How Belarus lives after three weeks of protests

The third week of protests in Belarus started not with loud rallies and actions, but with long lines at exchange offices. The national currency sharply sank in price against the dollar, euro and Russian ruble. Therefore, people rushed not into the streets with flags and slogans, but into bank branches with wallets, and there it was empty. Due to the hype, some banks suspended payment transactions via the Internet and stopped issuing loans. Alexander Lukashenko hastened to assure people: “We will not allow the collapse of the national currency.” And, according to him, he agreed with Putin to refinance $1 billion of the debt to Russia this year. But the Belarusians tensed up...

Alesya Korzhenevskaya, Minsk

Against the backdrop of what is happening in the country over the past couple of weeks, there has been a significant increase in patients in psychoneurological hospitals in Minsk, according to rumors. Unfortunately, this is readily believed. Many of those who, in the first weeks, enthusiastically went to protests and rallies with the hope “that change is about to come,” are now not only emotionally depressed, but also plunged into a kind of stressful state. I admit, it’s simply impossible to talk to some acquaintances and friends now - they cry incessantly into the phone and refuse to leave the apartment.
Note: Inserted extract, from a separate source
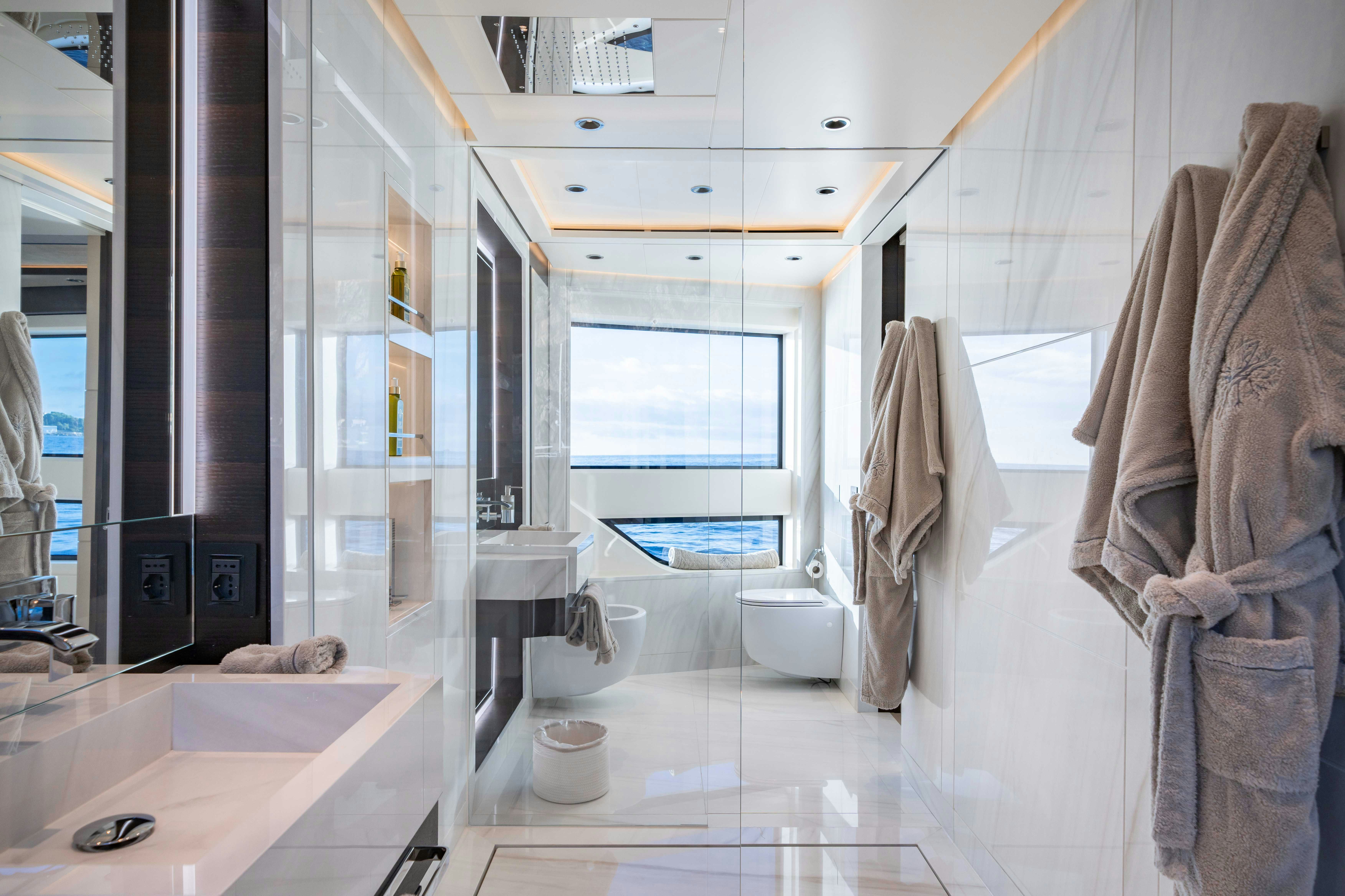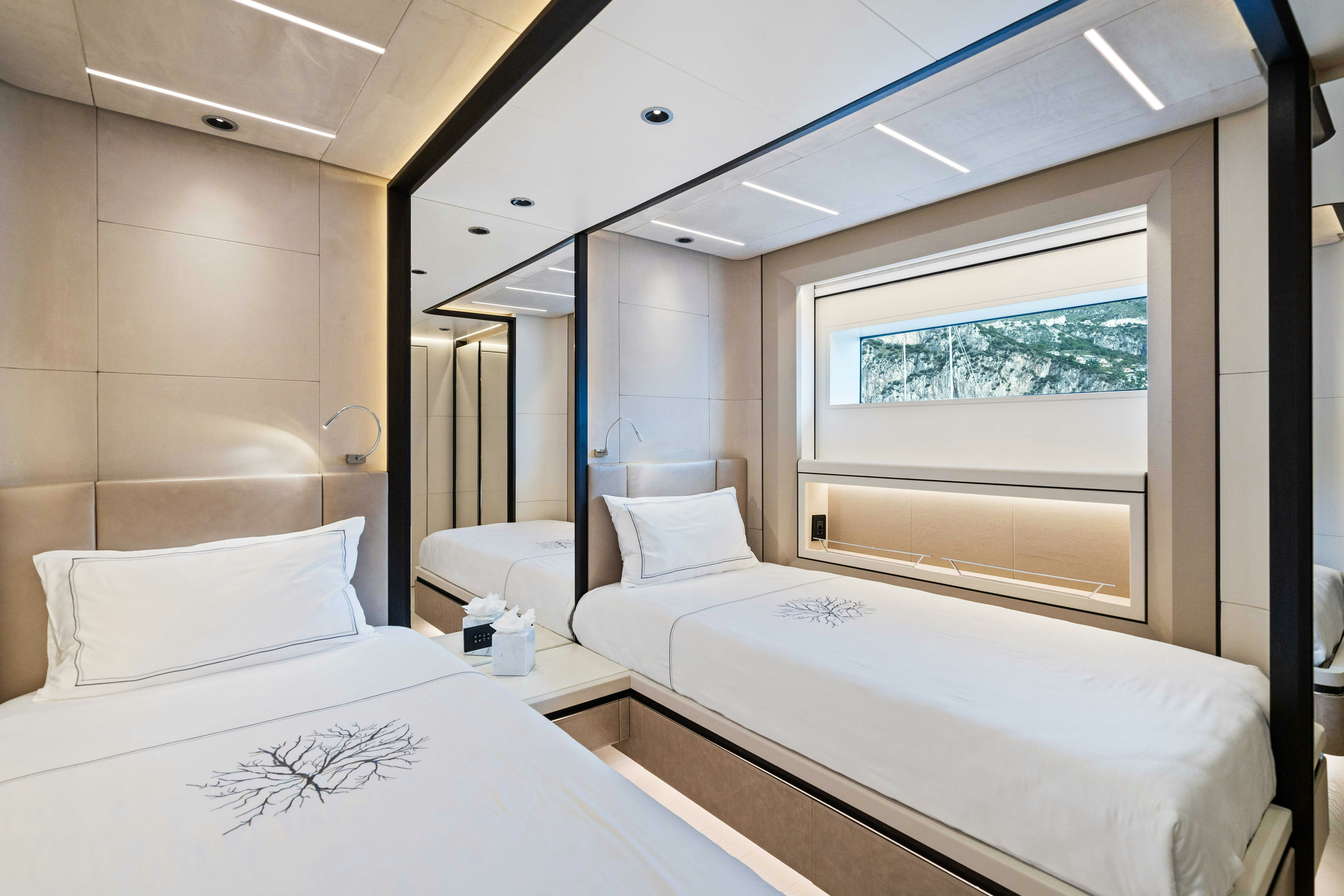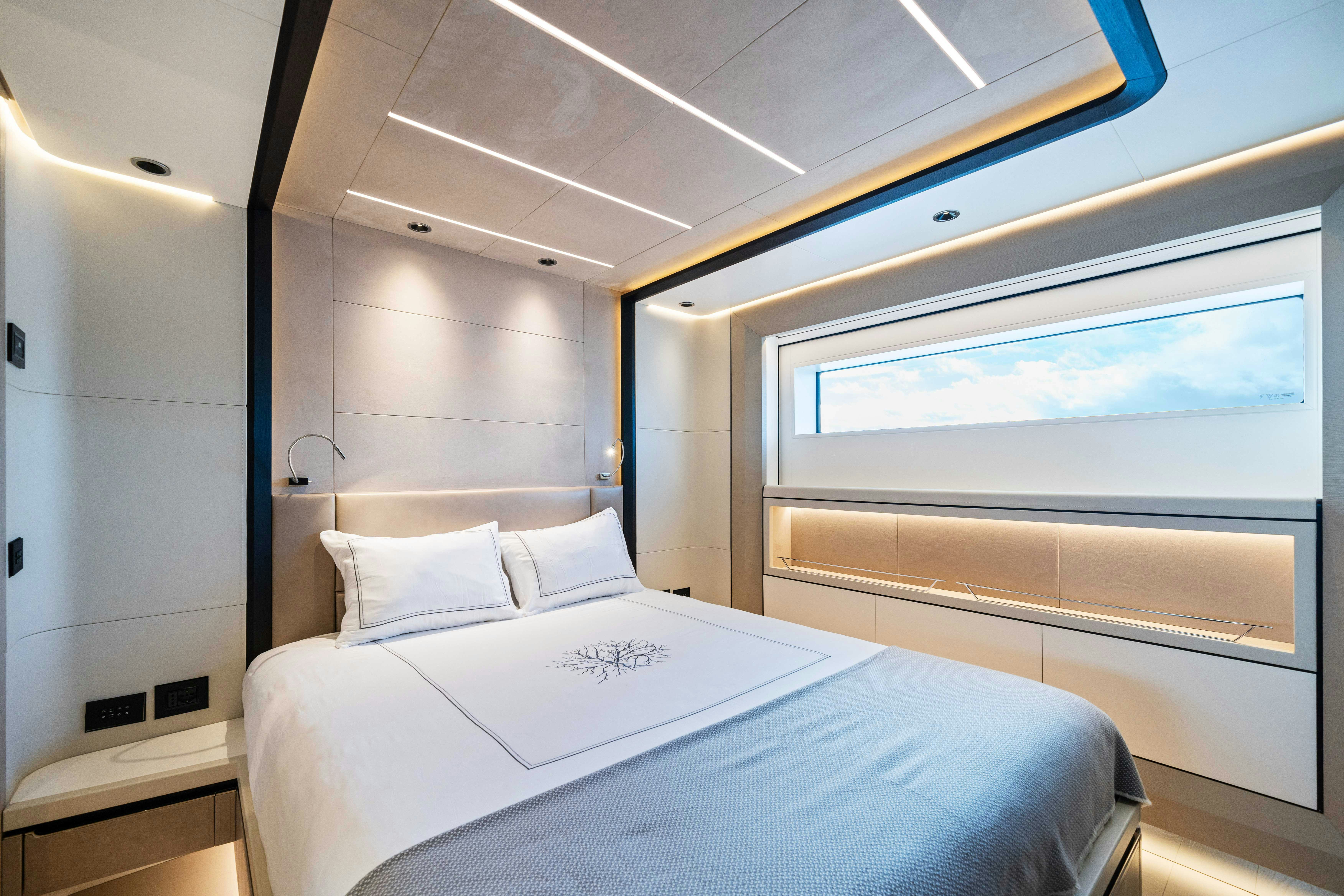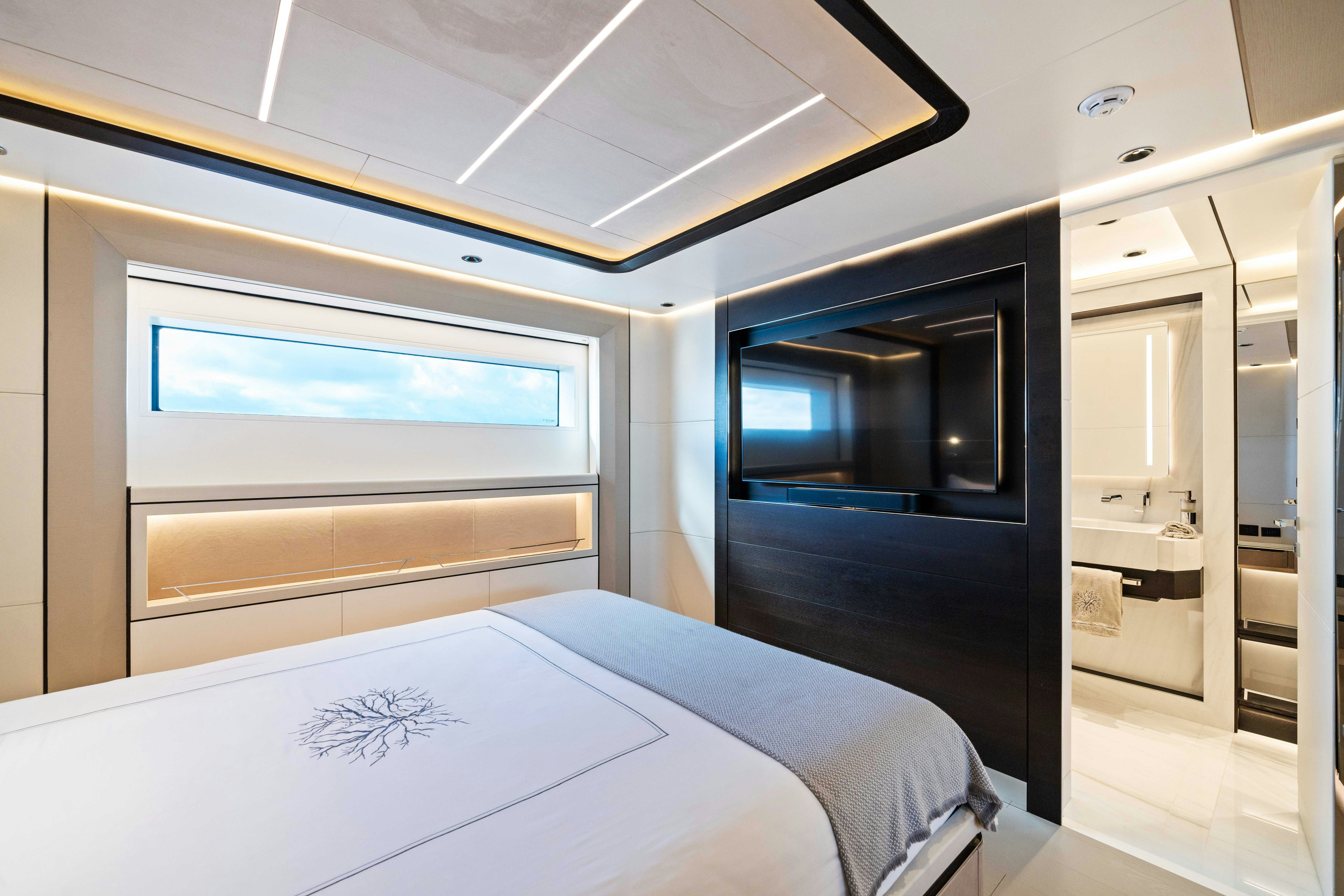 VAYUS showcases the exquisite design of VYD studio on her interior. The main salon, with floor-to-ceiling windows and the ability to open on three sides, creates a seamless connection with the sea. The professional galley is equipped with high-quality appliances and ample storage, including six fridges with freezers. There is a dedicated cinema area on the upper deck that can be opened to allow a natural sea breeze or closed with A/C when desired. Accommodations include five luxurious cabins for up to 10 guests and quarters for a crew of seven. The owner’s suite is a sanctuary with expansive windows, elegant furnishings, and a waterfall shower in the en-suite bathroom. Guest cabins feature larger-than-usual double beds, soundproofing, and high-quality finishes mirroring the owner's suite with a focus on wellness, luxury and high-quality materials.

Moreover, not only impressionable young ladies and older intelligent ladies lose their nerves, but also famous, seemingly strong-willed men. As it happened, for example, with the titled brothers-athletes Oleg and Vadim Devyatovsky. The first is the head coach of the national water skiing team, the second is the chairman of the Belarusian Athletics Federation. Before the elections, both openly supported the policies of Alexander Lukashenko, including on their personal pages on social networks. However, in the 20th of August, an entry appeared on Vadim’s Facebook profile: “Lukashenko is not my President!” On the same day, it became known that the chairman of the BAF was hospitalized with a nervous breakdown, and his brother even tried to commit suicide.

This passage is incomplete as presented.